What would happen if hundreds of social scientists and data scientists worked together on a scientific challenge to improve the lives of disadvantaged children in the United States?
The Fragile Families Challenge is based on the Fragile Families and Child Wellbeing Study, which has followed thousands of American families for more than 15 years. During this time, the Fragile Families study collected information about the children, their parents, their schools, and their larger environments. These data have been used in hundreds of scientific papers and dozens of dissertations, and insight from these studies are routinely shared with policy makers around the world through the Future of Children, which is jointly published by Princeton University and Brookings Institution. Participants were challenged to use this data in a new way. Given all the background data from birth to year 9 and some training data from year 15, how well could participants infer six key outcomes in the year 15 test data? This predictive modeling is not the end of the project, however. It is just the beginning. We will use the models submitted to the Fragile Families Challenge to advance the scientific goals of the project, and we will publish the results in scientific journals, both individually and collectively.
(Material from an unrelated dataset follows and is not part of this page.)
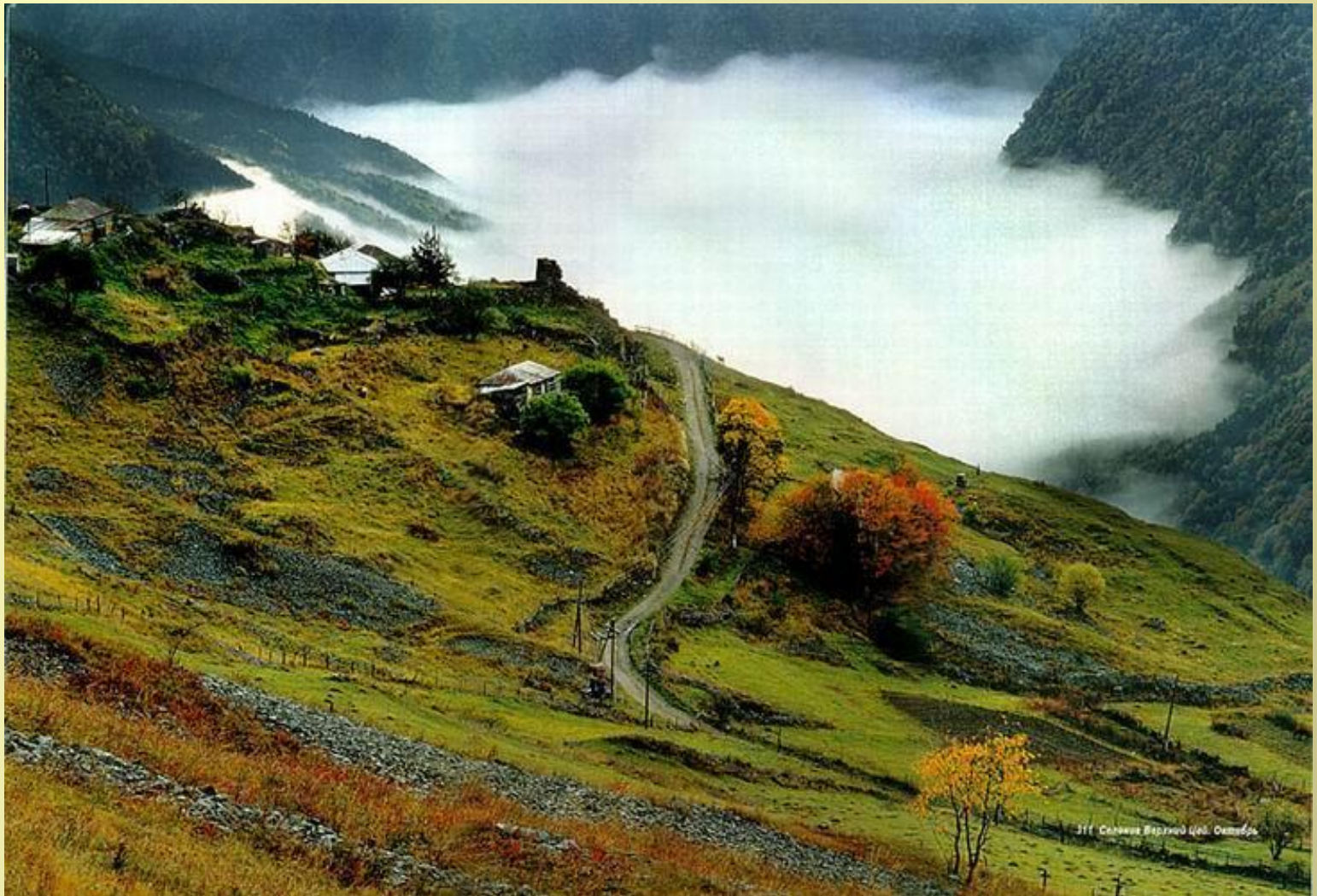
311 Селение Вярнені Цей, Октябрь

The Fragile Families Challenge is open to everyone, no matter where you live or what you do. In fact, we’re confident that some of the best ideas will come from unexpected places.
Overview
The window for participation has now closed. Participants applied to participate, provided informed consent, signed a data protection agreement, and then downloaded our data files for the Fragile Families Challenge. These files included information about each family from birth to age 9 and some training data from age 15. Participants used the Fragile Families Challenge data and creative modeling strategies to infer six key outcomes at age 15. They could use whatever modeling strategy they thought would work best. Models were evaluated by mean squared error in a holdout set kept private until the end of the Challenge. Each participant prepared a package that includes their predictions, code, and a narrative explanation of their approach. They uploaded their contributions and saw their scores on the leaderboard. Participants could watch their score improve as they developed and uploaded new approaches! At the end of the Challenge, submissions are being released open source in order to advance the scientific goals. The submission deadline was Aug. 1, 2017, 2pm EDT.
How to participate
Apply to participate
Build a model
Upload your contribution
The Fragile Families Challenge is designed to produce scientific knowledge that can be used to improve the lives of disadvantaged children in the United States. Even more than that, we hope the Fragile Families Challenge can serve as a model for how social scientists and data scientists can collaborate on problems of societal importance. The Fragile Families Challenge blends ideas from social science and data science. Maybe you’re a data scientist that wants to start working with social data? Maybe you’re a social scientist that wants to learn more about machine learning? Either way, the Fragile Families Challenge is for you. This blending of ideas also makes the Fragile Families Challenge ideal to assign in a class that you are teaching. The Fragile Families Challenge is real scientific research. While working on the project, participants have a chance to interact with the other participating scientists and the distinguished researchers on our Board of Advisors. We awarded prizes to participants who made important contributions to the project. All prize winners were given an all-expenses paid trip to Princeton University for a scientific workshop. The Fragile Families Challenge could be worked on in teams, and we hoped that participants would enjoy working with data, learning new skills, and cooperating and competing with people from all over the world. We are publishing the results of the Fragile Families Challenge in scientific journals, both individually and collectively. Participants who made important contributions had the opportunity to be a co-author on the paper describing the results of the Fragile Families Challenge.
Why participate?
Help the world:
Learn new skills:
Get involved in scientific research:
Win prizes:
Have fun:
Publish papers:
The Fragile Families Challenge is our attempt to create a new way of doing social research, one that is much more open to the talents and efforts of everyone. We expect that by combining ideas from social science and data science, we can—together—help address important scientific and social problems. And, we expect that through a mass collaboration we will accomplish things that none of us could accomplish individually. The Fragile Families Challenge involves two steps. In the first step, described above and now complete, participants built statistical and machine learning models of several important outcomes in the lives of the children. Participants then submitted their code, their model outputs, and a narrative explanation of their modeling strategy. We used the unreleased test set to evaluate each model. This first step is an example of the common task method, which David Donoho (2015) has called the “secret sauce” of machine learning. In the second step, we will use the individual models and the community model to conduct substantive and methodological research. Here are three examples: These three projects are just some examples of the kinds of research that can be done with the predictions, code, and narratives that are created in the first stage of the Fragile Families Challenge. Because all of the materials created in the first stage will be released open source, we hope that others will dream up other cools things to do with them.
Scientific goals
The community model can be used to identify and help us learn from children who are “beating the odds.” For example, consider children who the community model predicts to have a low grade point average and who actually have a high grade point average. By conducting qualitative, in-depth interviews with these children and their caregivers—as well as children who are struggling—we can help discover previously unmeasured and important factors impacting the lives of children. The newly discovered factors can then be collected in future waves of data collection for the Fragile Families study. This goal is discussed in greater detail in our blog post on the topic.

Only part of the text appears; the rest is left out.